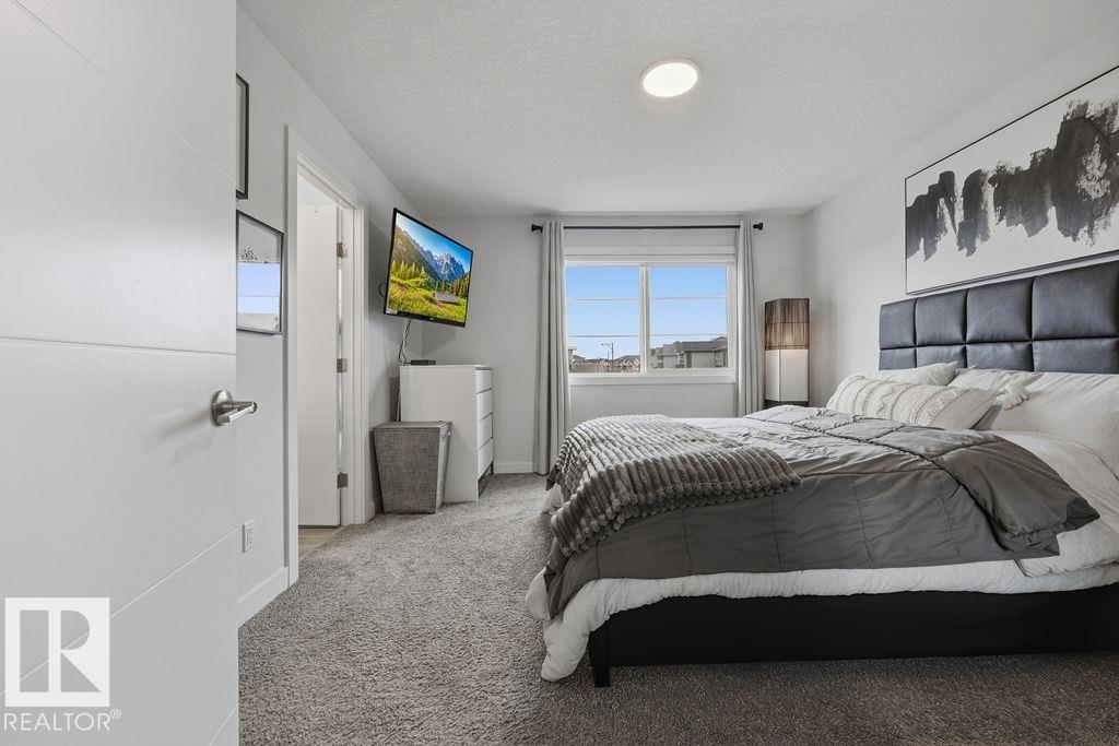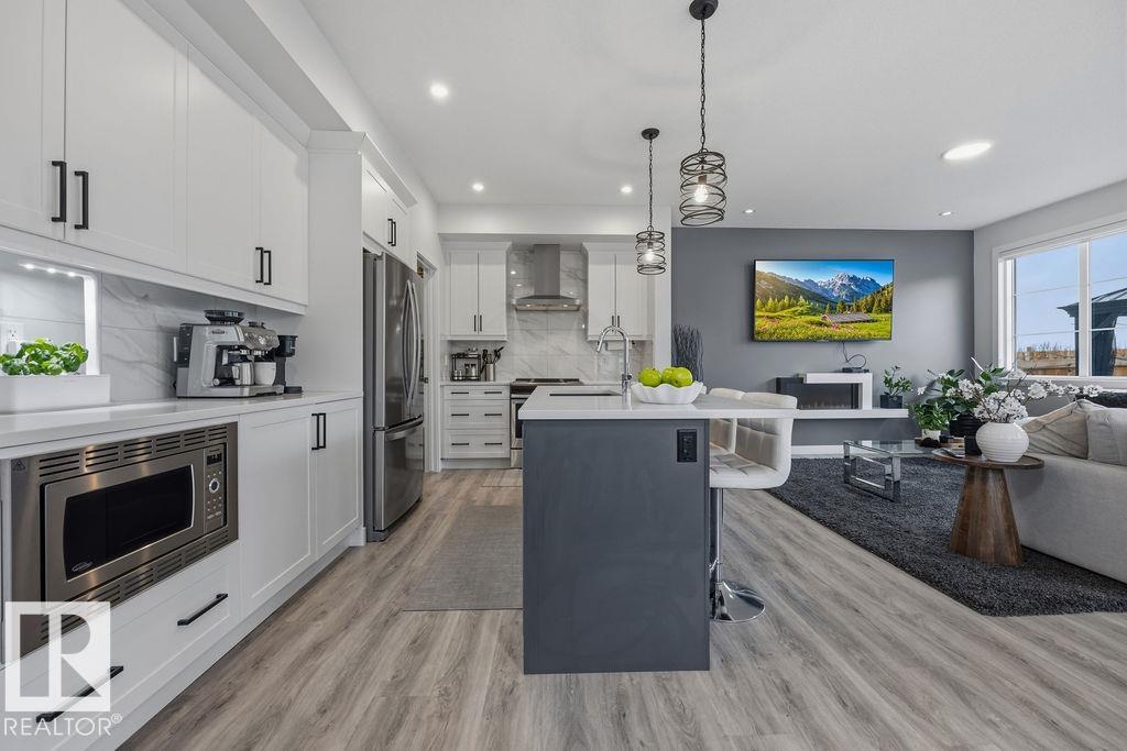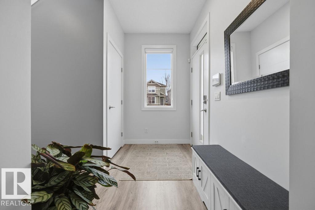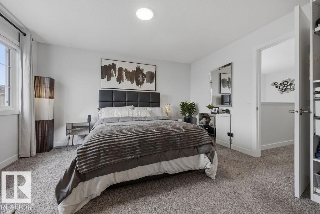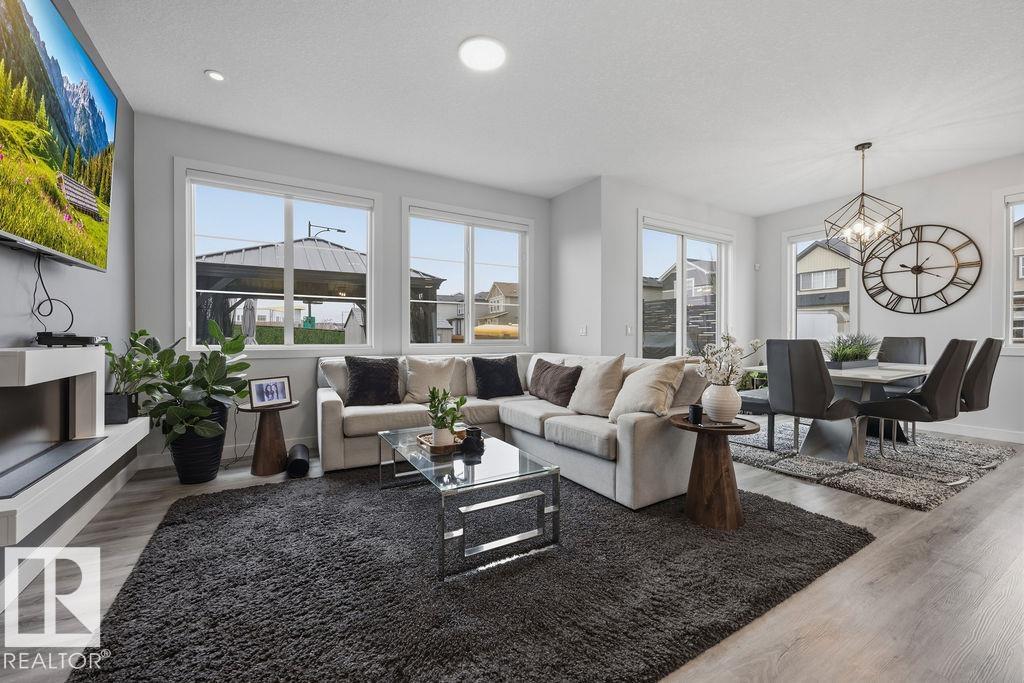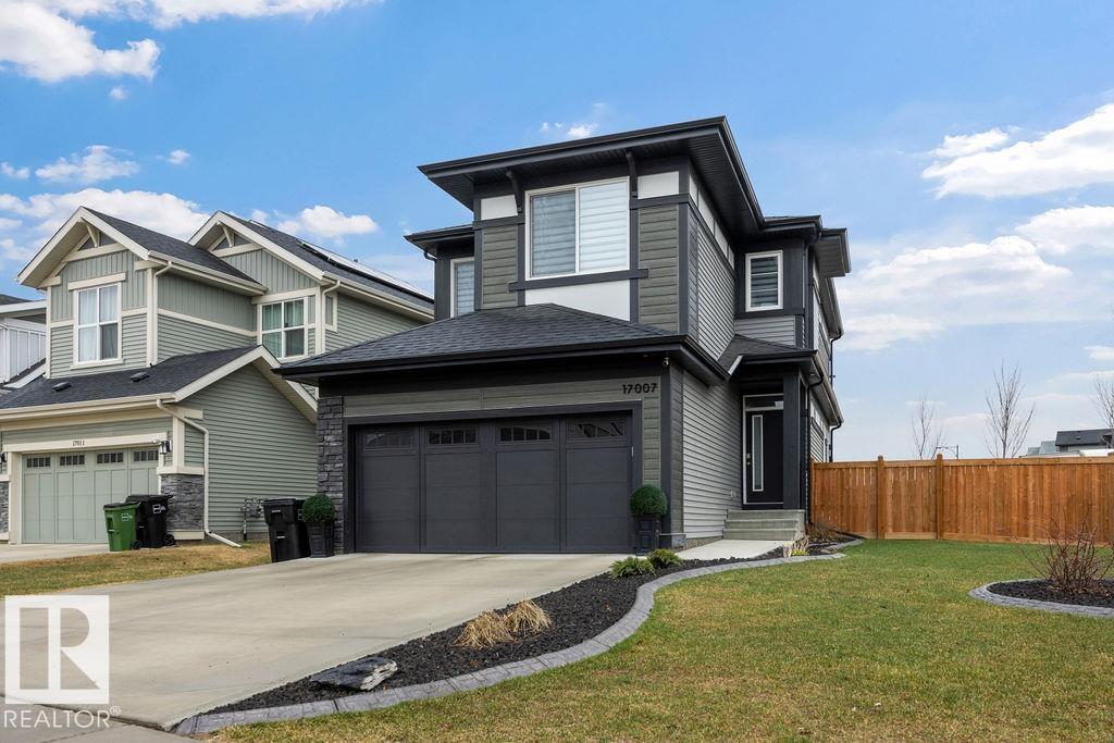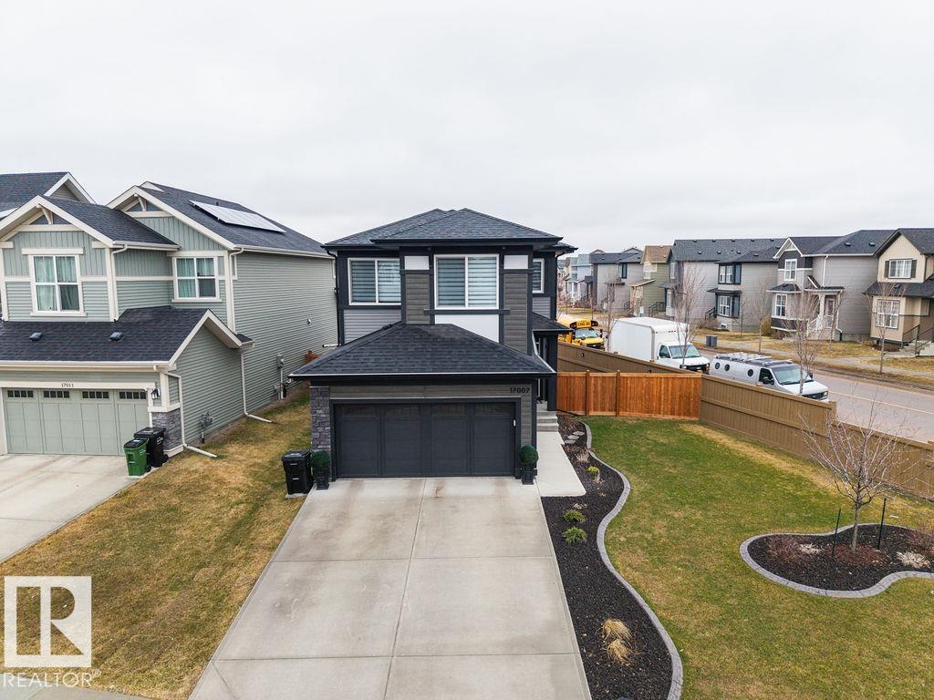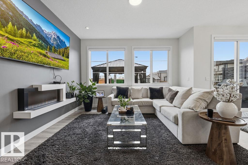 Enjoy the luxury and modern appeal of a newer build with the convenience of a pre-loved home, where landscaping, fencing, window coverings and an expansive deck are already in place. Set on a corner lot in McConachie backing onto open green space with a school just beyond the field, this beautifully cared for two-storey offers privacy and an ideal setting for families. Offering over 1,800 sq ft, 3 bedrooms and 2.5 baths, the home features a bright open-concept main floor with contemporary finishes, large windows, and a stylish kitchen with stainless steel appliances and central island. Added features like air conditioning, solar panels and a heated oversized garage with floor drain enhance comfort and function. Upstairs offers a spacious primary retreat with walk-in closet and ensuite, plus two additional bedrooms, bonus area and upper laundry. Outside, enjoy an expansive deck with gazebo, stone fire pit area and storage shed. Thoughtful upgrades make this move-in ready home a blend of style and value.
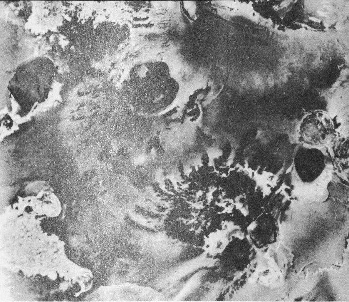 These blue filter photographs of Jupiter were taken at Mauna Kea Observatory, Hawaii. They show changes on Jupiter’s surface between 1973 and 1978, with the dates of the observations.
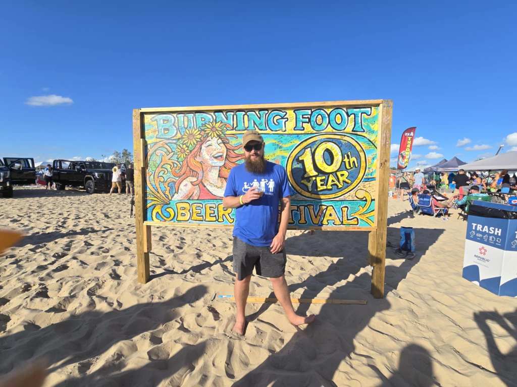 Brendon Enders, a member of the Lakeshore Brewers Guild—he runs their social media platforms on Facebook, Instagram, and TikTok—said there is a ton of work involved in Burning Foot. A board of 30 members (including Greg Moore, the executive director, who Enders reports to) are involved. Around 400 people volunteered for Burning Foot this year.
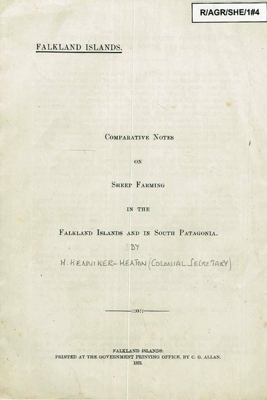 Henniker Heaton had also become interested in farming during his time in the Falklands and in 1923 the Government Printing Office published his Comparative Notes on Sheep Farming in the Falkland Islands and in South Patagonia.
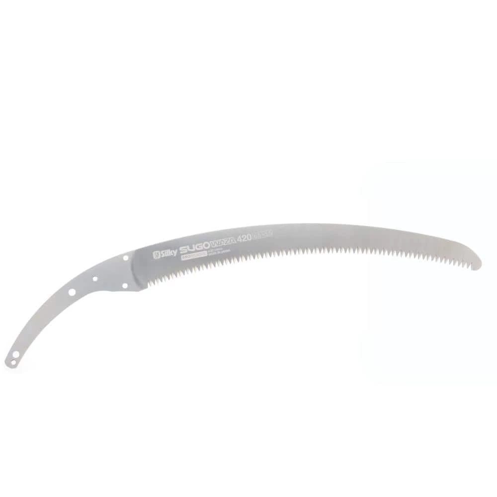Replace your old, dull blade with one that gets the job done every time. The Silky 420-42 SUGOWAZA 16.5 in. Hand Saw Replacement Blade features a special tapered design from the tooth tip to the back spine to reduce resistance and deliver smoother, easier, faster cutting performance. Hard chrome plating produces an exceedingly durable surface which is resistant to rust and the effects of resin. Using Silky’s exclusive MIRAI-ME Smooth Cutting Technology, the SUGOWAZA offers unmatched cutting efficiency and performance. The four cutting angles along the length of the blade leaves a clean, smooth surface. Cuts made on the pull stroke provide maximum control and ergonomic advantage. A mono-constructed blade runs all the way through the handle, eliminating stress and breakage.
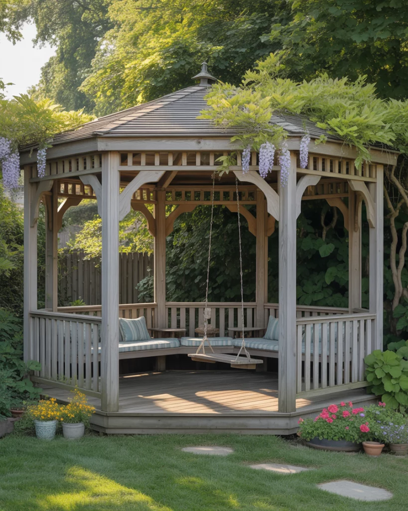 Tuck a corner gazebo into your yard and replace chairs with hanging swings or hammocks. It turns unused space into a relaxing hideaway. Use wooden beams for warmth and a covered roof for shade. The gentle motion of swings gives it a playful, nostalgic vibe — great for both kids and adults.
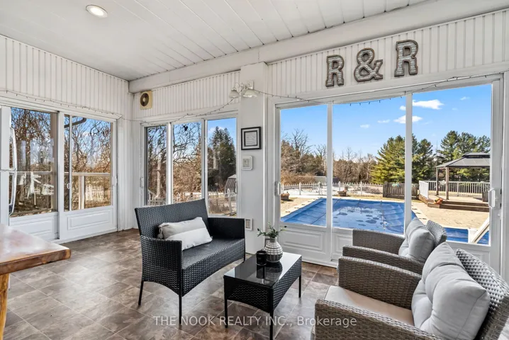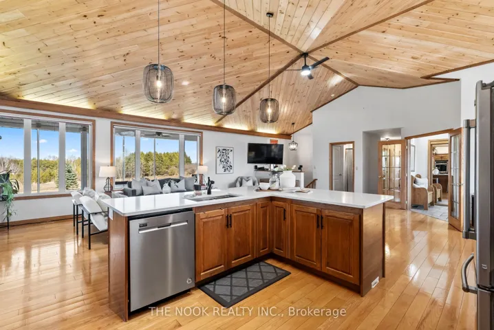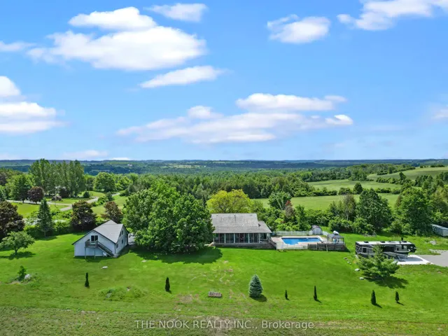 +"PublicRemarks": "Welcome to 593 Pigeon Creek Rd - a stunning 2,296 sq. ft. custom-built bungalow on over 97 acres just minutes from Durham offering endless possibilities! Step inside to soaring vaulted ceilings, sun-filled windows, gleaming hardwood floors, & a bright open-concept layout. The recently upgraded kitchen is a showstopper with a large center island, quartz counters, undermount sink, stainless steel appliances & designer lighting. Enjoy the convenience of main floor laundry & four generously sized bedrooms. Relax in the screened-in porch with built-in hot tub, or take in poolside views from the sunroom overlooking the landscaped 18 x 36 L-shaped inground pool. The fully finished basement is an entertainers dream, with a spacious games room, large wine cellar, & abundant storage. Outdoors, the opportunities are unmatched, a heated detached 30x36 garage with a finished loft featuring gorgeous vaulted ceilings ideal as a guest suite, in-law space or creative studio, a massive 30x60 barn with hydro and its own designated entrance perfect for a wedding venue, hobby farm, or business venture. The property also includes a 24 x 30 drive shed, 15 acres of workable farmland (potential to lease for income), 30 acres of bush, & over 50 acres of Ducks Unlimited-constructed ponds wetlands for infinite adventures hunting, fishing, kayaking, or simply enjoying nature in total privacy and serenity. For even more potential, the property has previous permits granted for Additional Dwelling Units (ADUs); while now expired, it confirms the groundwork is there for future development. Updates include Generac generator (serviced in 2023), furnace (2017), kitchen (2024), main floor lighting (2025), & appliances(2023). This dream home is ideally located just over 20 minutes to scenic Port Perry & 15 minutes to historic Lindsay, offering quick access to all amenities while still enjoying the peace privacy of country living & with easy access to both Hwy 401 & 407, its a commuters dream."

===============

• TASK INSTRUCTIONS
Each record above, in full: return it exactly, pictures excluded.

• RESPONSE
 Enjoy the luxury and modern appeal of a newer build with the convenience of a pre-loved home, where landscaping, fencing, window coverings and an expansive deck are already in place. Set on a corner lot in McConachie backing onto open green space with a school just beyond the field, this beautifully cared for two-storey offers privacy and an ideal setting for families. Offering over 1,800 sq ft, 3 bedrooms and 2.5 baths, the home features a bright open-concept main floor with contemporary finishes, large windows, and a stylish kitchen with stainless steel appliances and central island. Added features like air conditioning, solar panels and a heated oversized garage with floor drain enhance comfort and function. Upstairs offers a spacious primary retreat with walk-in closet and ensuite, plus two additional bedrooms, bonus area and upper laundry. Outside, enjoy an expansive deck with gazebo, stone fire pit area and storage shed. Thoughtful upgrades make this move-in ready home a blend of style and value.
 These blue filter photographs of Jupiter were taken at Mauna Kea Observatory, Hawaii. They show changes on Jupiter’s surface between 1973 and 1978, with the dates of the observations.
 Brendon Enders, a member of the Lakeshore Brewers Guild—he runs their social media platforms on Facebook, Instagram, and TikTok—said there is a ton of work involved in Burning Foot. A board of 30 members (including Greg Moore, the executive director, who Enders reports to) are involved. Around 400 people volunteered for Burning Foot this year.
 Henniker Heaton had also become interested in farming during his time in the Falklands and in 1923 the Government Printing Office published his Comparative Notes on Sheep Farming in the Falkland Islands and in South Patagonia.
Replace your old, dull blade with one that gets the job done every time. The Silky 420-42 SUGOWAZA 16.5 in. Hand Saw Replacement Blade features a special tapered design from the tooth tip to the back spine to reduce resistance and deliver smoother, easier, faster cutting performance. Hard chrome plating produces an exceedingly durable surface which is resistant to rust and the effects of resin. Using Silky’s exclusive MIRAI-ME Smooth Cutting Technology, the SUGOWAZA offers unmatched cutting efficiency and performance. The four cutting angles along the length of the blade leaves a clean, smooth surface. Cuts made on the pull stroke provide maximum control and ergonomic advantage. A mono-constructed blade runs all the way through the handle, eliminating stress and breakage.
 Tuck a corner gazebo into your yard and replace chairs with hanging swings or hammocks. It turns unused space into a relaxing hideaway. Use wooden beams for warmth and a covered roof for shade. The gentle motion of swings gives it a playful, nostalgic vibe — great for both kids and adults.
 +"PublicRemarks": "Welcome to 593 Pigeon Creek Rd - a stunning 2,296 sq. ft. custom-built bungalow on over 97 acres just minutes from Durham offering endless possibilities! Step inside to soaring vaulted ceilings, sun-filled windows, gleaming hardwood floors, & a bright open-concept layout. The recently upgraded kitchen is a showstopper with a large center island, quartz counters, undermount sink, stainless steel appliances & designer lighting. Enjoy the convenience of main floor laundry & four generously sized bedrooms. Relax in the screened-in porch with built-in hot tub, or take in poolside views from the sunroom overlooking the landscaped 18 x 36 L-shaped inground pool. The fully finished basement is an entertainers dream, with a spacious games room, large wine cellar, & abundant storage. Outdoors, the opportunities are unmatched, a heated detached 30x36 garage with a finished loft featuring gorgeous vaulted ceilings ideal as a guest suite, in-law space or creative studio, a massive 30x60 barn with hydro and its own designated entrance perfect for a wedding venue, hobby farm, or business venture. The property also includes a 24 x 30 drive shed, 15 acres of workable farmland (potential to lease for income), 30 acres of bush, & over 50 acres of Ducks Unlimited-constructed ponds wetlands for infinite adventures hunting, fishing, kayaking, or simply enjoying nature in total privacy and serenity. For even more potential, the property has previous permits granted for Additional Dwelling Units (ADUs); while now expired, it confirms the groundwork is there for future development. Updates include Generac generator (serviced in 2023), furnace (2017), kitchen (2024), main floor lighting (2025), & appliances(2023). This dream home is ideally located just over 20 minutes to scenic Port Perry & 15 minutes to historic Lindsay, offering quick access to all amenities while still enjoying the peace privacy of country living & with easy access to both Hwy 401 & 407, its a commuters dream."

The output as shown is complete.